А может быть, это была опять-таки одна из странных мыслей, что иногда появлялись на свет из темных отделов его мозгов, которые он сам неизвестно зачем замкнул накоротко, прежде чем стать Президентом Галактики.
— Ты хочешь вызвать дух прадедушки? — пролепетал Форд.
— Угу.
— Именно сейчас? Все внутри корабля продолжало сотрясаться и грохотать. Становилось все жарче. Свет мерк — вся энергия, которая оставлась от приготовления чая, шла на поддержание тающего силового щита.
— Да, — настаивал Зафод. — Я думаю, он сможет нам помочь.
— Ты уверен, Зафод, что именно думаешь? Выбирай выражения.
— А что еще ты можешь предложить?
— Э-э, ну…
— Именно. Давайте живее — вокруг пульта. Ну же! Триллиан, Обезьян, шевелитесь!
Все сгрудились вокруг пульта, расселись, и, чувствуя себя исключительно глупо, взялись за руки. Зафод выключил свет третьей рукой.
Корабль погрузился во тьму.
Наверняк-Умертвяки продолжали вгрызаться в силовой щит.
Зафод прошипел: — Сосредоточьтесь на его имени.
— А как его звали? — спросил Артур.
— Зафод Библброкс Четвертый.
— Что?
— Зафод Библброкс Четвертый. Сосредоточься!
— Четвертый?
— Угу. Я Зафод Библброкс, мой отец был Зафод Библброкс Второй, мой дед — Зафод Библброкс Третий…
— Что?
— Некачественный презерватив и неполадки в машине времени. Хватит болтать! Сосредотачивайся!
— Три минуты, — сказал Форд.
— А зачем, — спросил Артур, — мы это делаем?
— Заткнись, а? — попросил Зафод.
Триллиан ничего не сказала. Что уж тут говорить, подумала она.
В рубке было совсем темно, если не считать двух тусклых красных огоньков в дальнем углу, где сидел Марвин, Андроид-Параноид, скорчившись, не обращая ни на кого, и не привлекая ничьего внимания — в собственном, весьма неприятном мире.
Четверо склонилсь над пультом, тщетно пытаясь вытеснить из сознания жуткий грохот и содрогания корабля.
Они сосредоточились.
Еще сосредоточились.
И еще сосредоточились.
Проходили секунды.
На лбах Зафода выступил пот, сначала от напряжения, потом от отчаяния, и, наконец, от стыда.

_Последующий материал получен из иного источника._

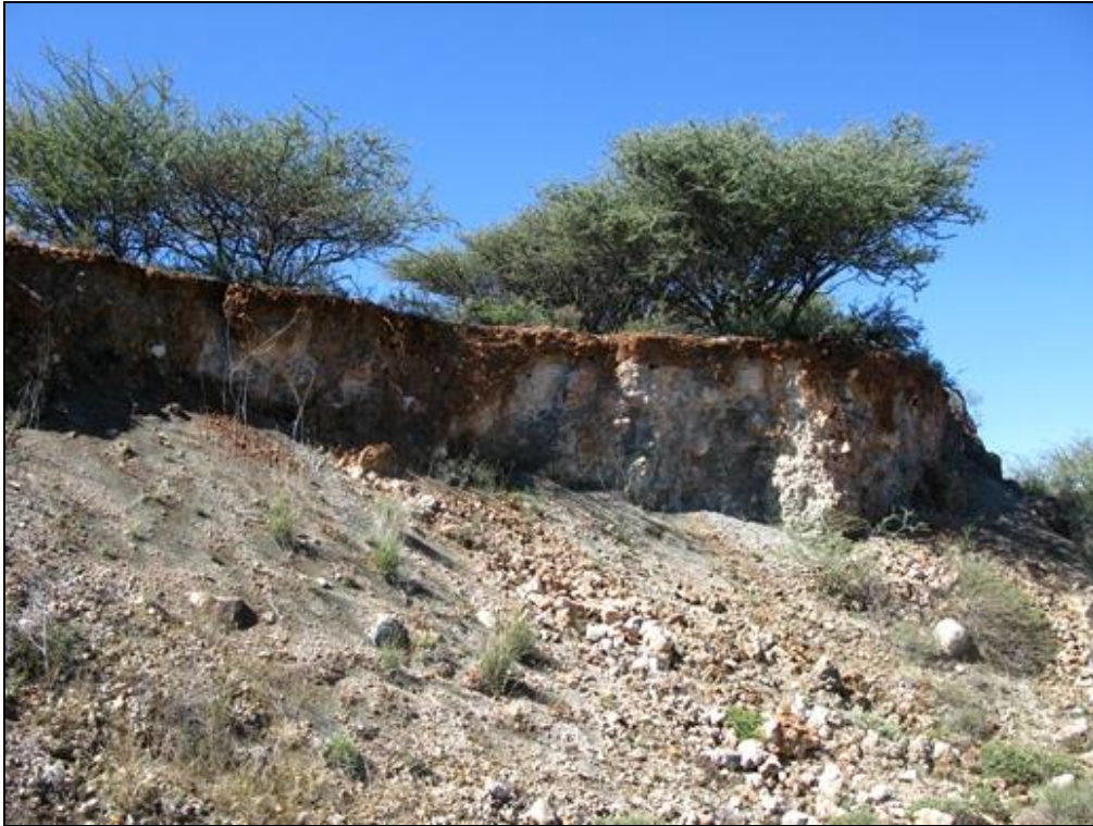
Fig. 10. Section through thick calcrete hardpan capping the Dwyka outcrop area. The irregular undulating contact with overlying reddish brown gravelly soils suggests karstic solution weathering (Loc. 494).

Наконец он издал злобный вопль и хлопнул по выключателю.
— А, я уже думал, что вы никогда не включите свет, — сказал голос. — Нет-нет, не так ярко, пожалуйста, глаза у меня уже не те, что были раньше.
Всех четверых словно током ударило. Очень медленно пять голов повернулись, хотя их скальпы при этом явно пытались остаться на месте.
— Ну. Кто беспокоит меня в этот час? — продолжало маленькое, ссохшееся, согбенное создание, стоящее под терновым кустом на дальнем конце мостика. Две его головки, на которых во все стороны торчали редкие седые пряди, на взгляд казались такими древними, что могли бы смутно помнить, скажем, рождение Галактики. Одна клевала носом, другая, прищурившись, смотрела прямо на них, и этот взгляд словно пронизывал их насквозь. Если глаза прадедушки были уже не те, что раньше, то раньше, по всей вероятности, они с успехом заменяли рентгеновский аппарат.
Зафод, заикаясь, бормотал что-то невнятное. Он отвесил замысловатый двойной поклон — традиционное бетельгейское приветствие старшего члена семьи младшим.
— Э-э,… у-у… привет, прадедушка, — выдохнул он наконец.
Старикашка двинулся вперед. Он уставился на компанию вокруг пульта. Он поднял руку и костлявым пальцем указал на своего правнука.
— А, — заявил он. — Зафод Библброкс. Последний из великого рода. Зафод Библброкс Никакой.
— Первый!
— Никакой!
Зафод ненавидел этот голос. Ему всегда казалось, что больше всего он похож на то, как если бы ногтями скребли по черному стеклу в окне того, что он привык считать своей душой.